■ Your objective ■
In the data below, find the line with "DERKOHOUSE Tong Sampah" and output it along with every later line, exactly, but not the pictures.

■ Records ■
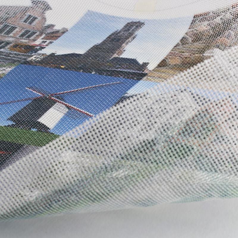 タペストリー素材の奥深くまでインクが浸透させられる印刷技術であなたのデザインはプリントされます。このことでとても鮮やかな発色が可能となり、剥がれたり色あせたりしないプリントに仕上がります。カウント数が大きくなると編み目の大きさも小さくなり、編み目の穴の数も多くなります。例えば、10カウントのニードルポイントは3種類の中でも大きめの編み目を持ち、14カウントになると編み目は小さくなりますが、同じ面積内での穴の数は多くなります。細かい線のあるデザインをプリントしたい場合、ご注文の際この点をご留意ください。
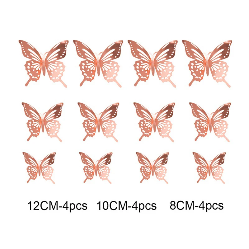12 шт. 3D наклейки на стену полые розовые Золотыесеребряные бабочки...
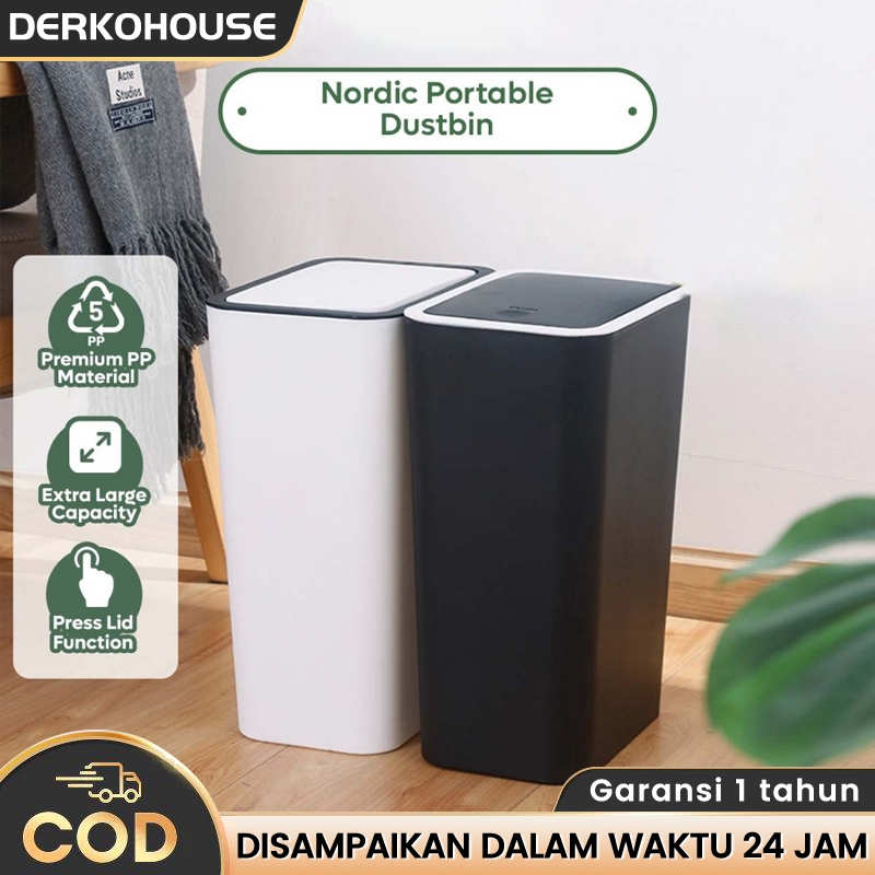 DERKOHOUSE Tong Sampah Plastik Tertutup Minimalis Tempat Sampah Dengan Klik Otomatis Kotak Sampah
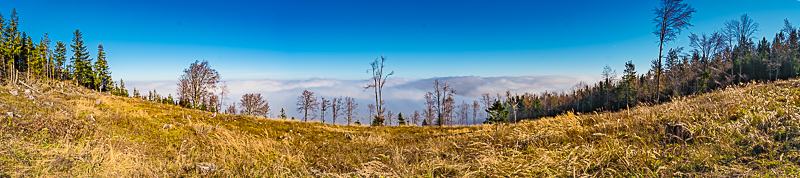 Ich gehe noch ein Stück weiter, den Weg Richtung Große Klause. Hier öffnet sich auf einem Kahlschlag ...
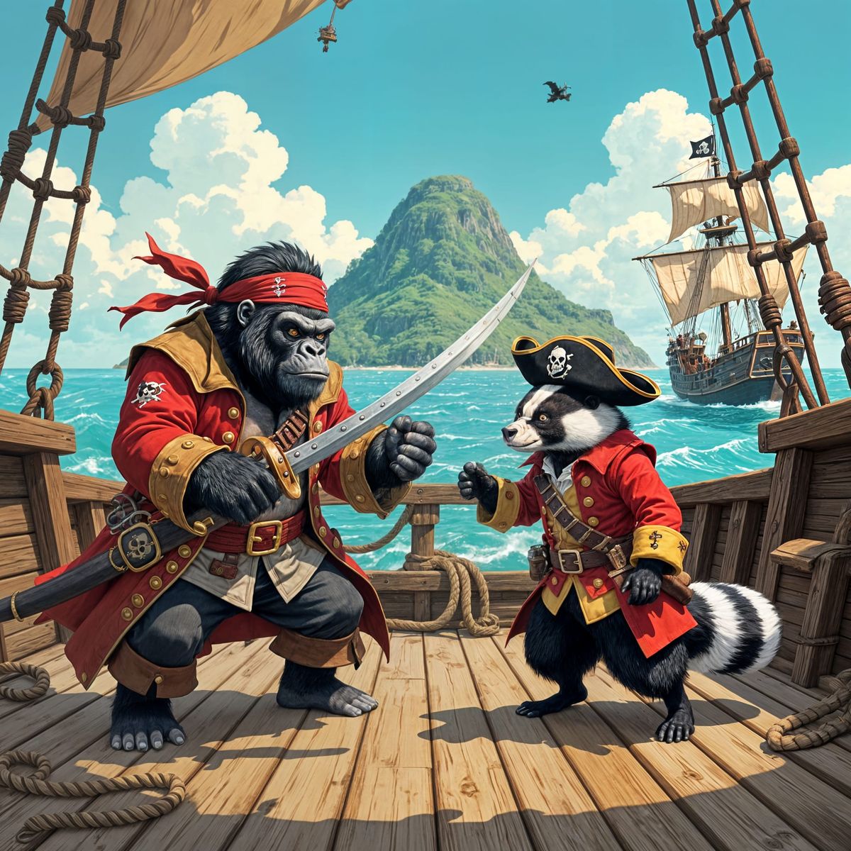This image shows two animals dressed as pirates engaged in a fierce battle on the deck of a ship, with a tropical island visible in the distance.
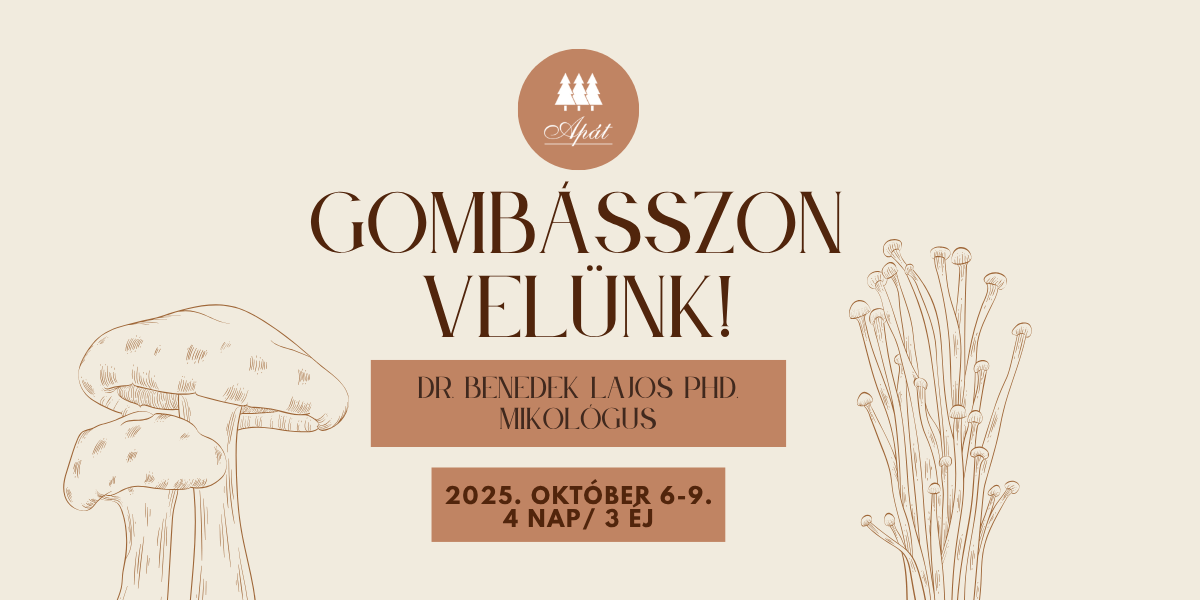 2025. október 6–9. között ismét elindítjuk gombaismereti tanfolyamunkat az Apátban – szeretettel várjuk az érdeklődőket, akik szívesen mélyednének el a hazai gombavilág izgalmas világában!
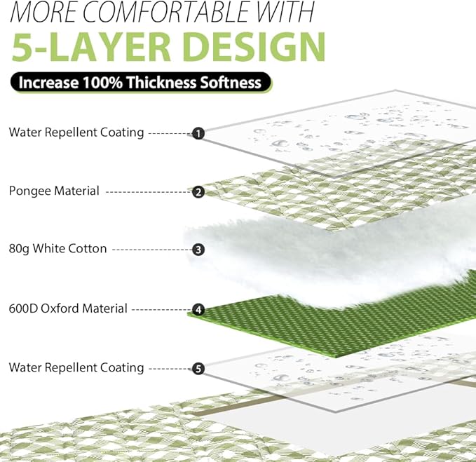 - Soft and Durable with 5-Layers: Made of 5 layers, our picnic mat has thickened and sturdy fabric on the top, soft 100 % Polypropylene for middle and solid fabric backing. Perfectly suitable for siting or lying on grass, beach, floor or any kindly of surface, giving you soft and comfortable feelings
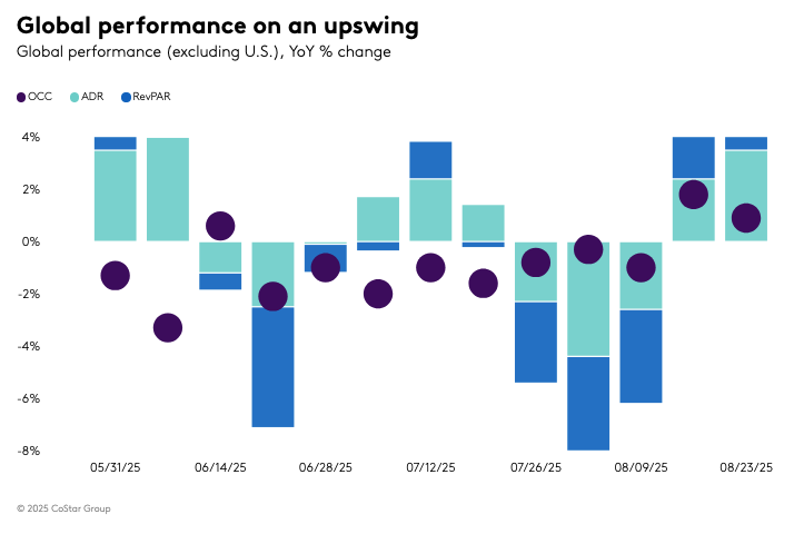 In the week ending August 23, 2025, the U.S. hotel industry experienced a 1.3% decrease in revenue per available room (RevPAR), marking the third consecutive week of decline and the tenth drop in the past twelve weeks. The downturn was primarily driven by a decrease in occupancy, accompanied by a slight decline in the average daily rate (ADR) of 0.2%. The Top 25 Markets were largely responsible for this decline, with a RevPAR drop of 3.8%, while all other markets saw a modest increase of 0.4%.

■ Response to the task ■
 DERKOHOUSE Tong Sampah Plastik Tertutup Minimalis Tempat Sampah Dengan Klik Otomatis Kotak Sampah
 Ich gehe noch ein Stück weiter, den Weg Richtung Große Klause. Hier öffnet sich auf einem Kahlschlag ...
This image shows two animals dressed as pirates engaged in a fierce battle on the deck of a ship, with a tropical island visible in the distance.
 2025. október 6–9. között ismét elindítjuk gombaismereti tanfolyamunkat az Apátban – szeretettel várjuk az érdeklődőket, akik szívesen mélyednének el a hazai gombavilág izgalmas világában!
 - Soft and Durable with 5-Layers: Made of 5 layers, our picnic mat has thickened and sturdy fabric on the top, soft 100 % Polypropylene for middle and solid fabric backing. Perfectly suitable for siting or lying on grass, beach, floor or any kindly of surface, giving you soft and comfortable feelings
 In the week ending August 23, 2025, the U.S. hotel industry experienced a 1.3% decrease in revenue per available room (RevPAR), marking the third consecutive week of decline and the tenth drop in the past twelve weeks. The downturn was primarily driven by a decrease in occupancy, accompanied by a slight decline in the average daily rate (ADR) of 0.2%. The Top 25 Markets were largely responsible for this decline, with a RevPAR drop of 3.8%, while all other markets saw a modest increase of 0.4%.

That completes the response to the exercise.